Search Startups Are Dead, Long Live Search Startups

Echoing Debra Chrapaty's comment that "in the future, being on someone's platform will mean being hosted on their infrastructure", Bill Burnham has an interesting entry on why search is dead as a category for VCs:

A couple of months ago I had the pleasure of moderating a panel at TIECon on the Search Industry. Peter Norvig, Google’s Director of Research, made one comment in particular that stood out in my mind at the time. In response to a question about the prospects for the myriad of search start-ups looking for funding Peter basically said, and I am paraphrasing somewhat, that search start-ups, in the vein of Google, Yahoo Ask, etc. are dead. Not because search isn’t a great place to be or because they can’t create innovative technologies, but because the investment required to build and operate an Internet-scale, high performance crawling, indexing, and query serving farm were now so great that only the largest Internet companies had a chance of competing....
 

So where does this leave search start-ups? For many of them it will undoubtedly leave them in the Web 2.0 Deadpool, but some of them may thrive if they adapt to the new reality. This new reality is that search innovation will increasingly be about applications and not about the core infrastructure. In fact, there’s a good chance that much of the core infrastructure will be available as a service to search-based applications. Amazon is pioneering this “search as a service” with its opening up of the Alexa crawling and indexing APIs.

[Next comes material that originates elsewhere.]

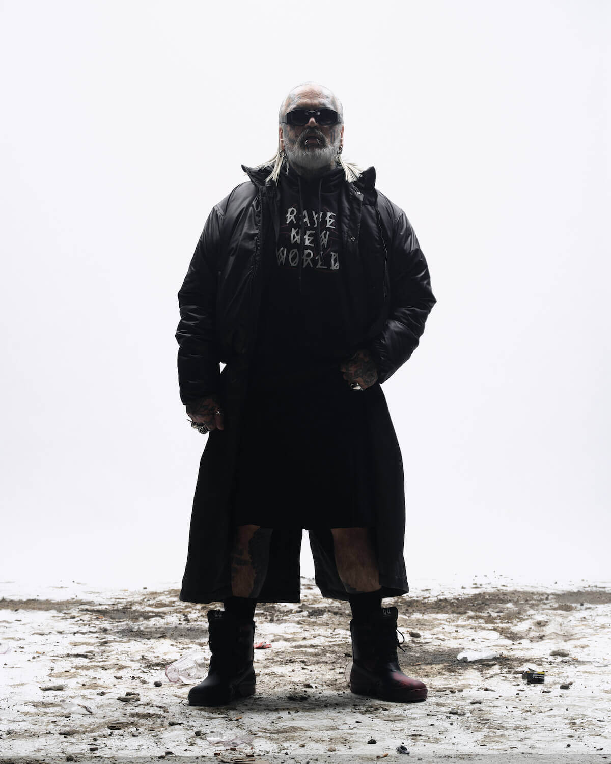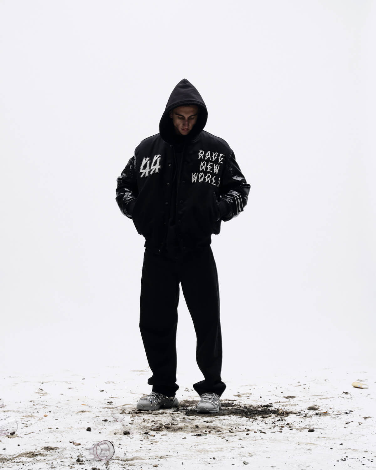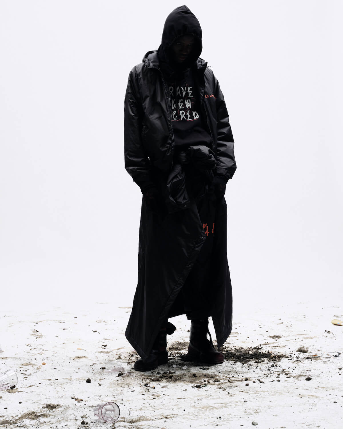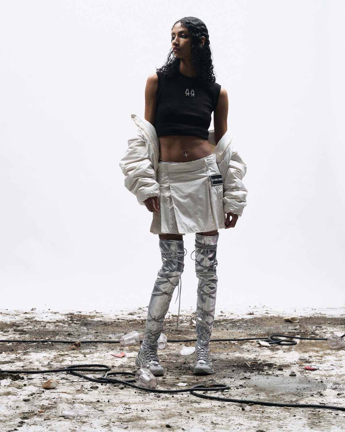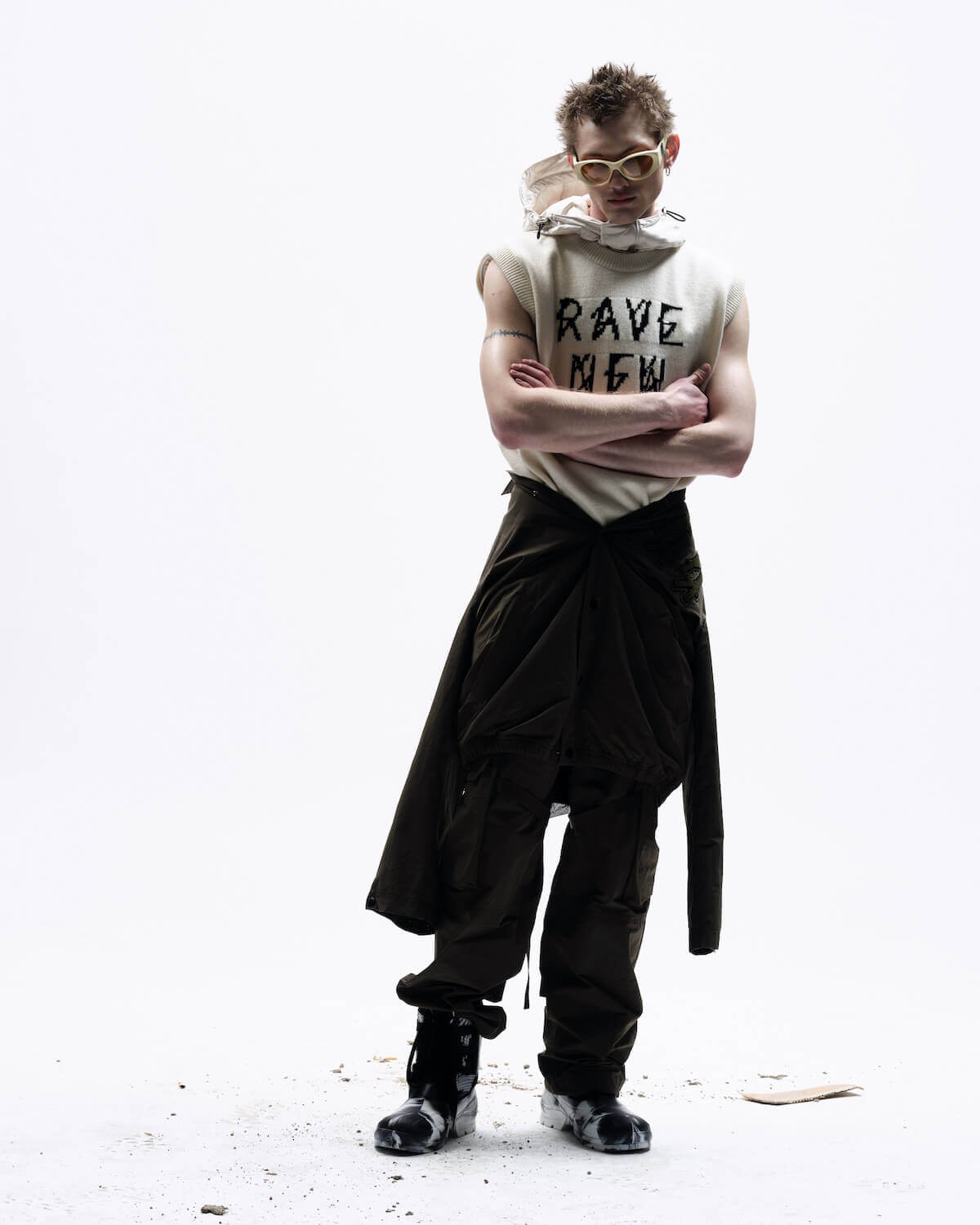 Max Kobosil’s 44 Label Group just dropped its AW23 collection of post-modern rave wear. Constructed from coarse fabrics – washed greyscale denim, textured rubber, rough canvas – to create high-strength utilitarian uniforms, full body boiler suits, pleated combat skirts, huge hoodies and DJ luggage made in collaboration with UDG. Dubbed Blame Society, it sets a desolate scene, muddied and dark, to depict alternate futures and digital dystopia also coursing through the typographic clothes. Berghain Berlin’s rugged bouncer wears the bold designs, cementing the collection’s status as clothes for the club kids of a doomed future.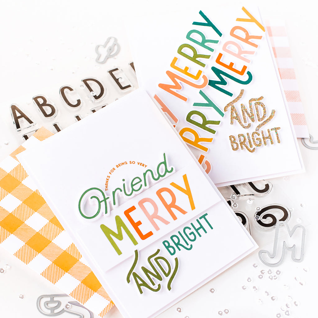 Coordinates with our Festive Fonts stamp and includes dies for the 9 accent letters to add a little frill.

I came to that same conclusion several years ago, when I was on the board of Nutch, the open source search engine based on Lucene. Great software, but without the funding to take the operations to scale, it could never become more than a research platform.

In my talks on Web 2.0, I always end with the point that "a platform beats an application every time." We're entering the platform phase of Web 2.0, in which first generation applications are going to turn into platforms, followed by a stage in which the leaders use that platform strength to outperform their application rivals, eventually closing them out of the market. And that platform is not enforced by control over proprietary APIs, as it was in the Windows era, but by the operational infrastructure, and perhaps even more importantly, by the massive databases (with network effects creating increasing returns for the database leaders) that are at the heart of Web 2.0 platforms.

But as Bill notes, this doesn't mean the end of the application category. It just means that developers need to move up the stack, adding value on top of the new platform, rather than competing to become it.


tags: web 2.0  | comments: 21   | Sphere It
submit:

 
Previous  |  Next

0 TrackBacks

TrackBack URL for this entry: http://blogs.oreilly.com/cgi-bin/mt/mt-t.cgi/5007

Comments: 21

  josiah [10.27.06 11:49 AM]

It's a good point that we're entering the platform phase. The only question I have is whether the network effects are real or imagined. Some of these massive databases contain dated information that is useless. At the end of the day what matters is the number of users creating current content. However, it's evident that these users are willing to abandon ship at startling speed. The obvious example is Friendster.

  Greg Linden [10.27.06 02:55 PM]

Good point, Tim. In fact, it isn't limited to startups. Even some of the big guys have decided they cannot compete on core search. For example, A9 was layered on top of Google and now is on top of MSN Search. AOL Search uses Google underneath. In both cases, they are trying to compete by adding features on top of web search, not on the core of the crawling and indexing.

Findory's personalized web search is also is layered on top of Google search. Findory reorders Google web search results depending on what you and others have done in the past.

  Daniel Rueda [10.27.06 11:43 PM]

Search is Dead....Location LIVES! King of Location is MyLocator.com. The finest Strategic Multichannel KeyPhrase location based Network available. The world never need search engines. What we needed was Location Engines.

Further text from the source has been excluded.